Мне казалось, этот поступок сблизит меня с моими мучителями, поможет понять их. Какой бы гекатомбы от меня ни ожидали эти твари, рассказывать об этом в их планы не входило. Сказавшись больным на работе, я засел в своей мансарде. Пять дней прошли без видимых метаморфоз и подвижек в птичьем поведении; на шестой с ними тоже ничего не произошло — зато стало происходить со мной. Меня по-прежнему слегка мутило и лихорадило, но мозг работал зверски, как мощный гоночный мотор. Чувства обострились, мысли плавно омывали берега реальности. Я словно вышел за границы собственного тела и, обвеваемый приятными сквознячками, наблюдал за собой со стороны. Во всем происходящем вдруг обнаружилась пронзительная нота, некая дополнительная глубина, как это иногда случается с фотографиями, когда сквозь вещный мир просвечивает тайна, второе, третье, седьмое дно, и на тебя со снимка смотрит многомерная реальность, наделенная самостоятельным, скрытым от человека смыслом, не имеющим к нему ни малейшего отношения. Сознание того, что смысл существует, пусть даже и не для тебя лично, действует утешительно.

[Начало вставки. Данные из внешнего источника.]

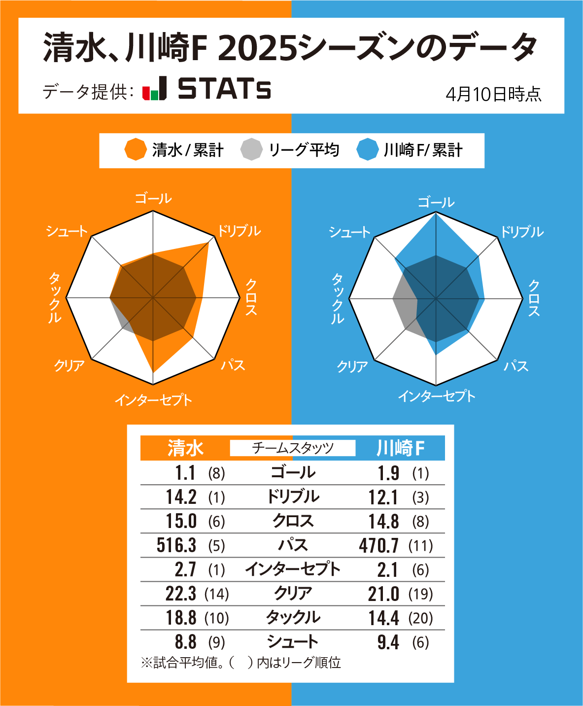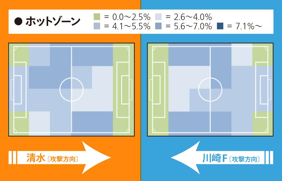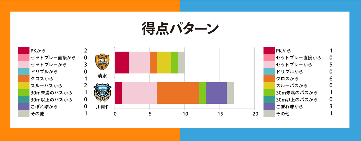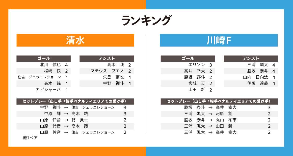 川崎Fのレーダーチャートを見ると、攻撃の全項目とインターセプトが平均を上回り、とくにシュート数に比べてゴール数が多いことが目立つ。シュート決定率は15.0%と高く、3得点のエリソンを筆頭に、2得点が4人、1得点が6人とどこからでも点が取れるのが強みと言える。ただ……

Сперва я по-детски радовался смене оптики, графической точности, с которой прорисовывался окружающий мир, ментальному перерождению в пределах одной отдельно взятой головы; но вскоре понял, что, если это эйфорическое, изматывающее бодрствование не прекратится, я просто сойду с ума. В состоянии перманентного бодрствования все мои мысли неотступно крутились вокруг птиц. Птиц беспощадных, птиц хищно выжидающих, птиц, которым было что-то нужно от меня.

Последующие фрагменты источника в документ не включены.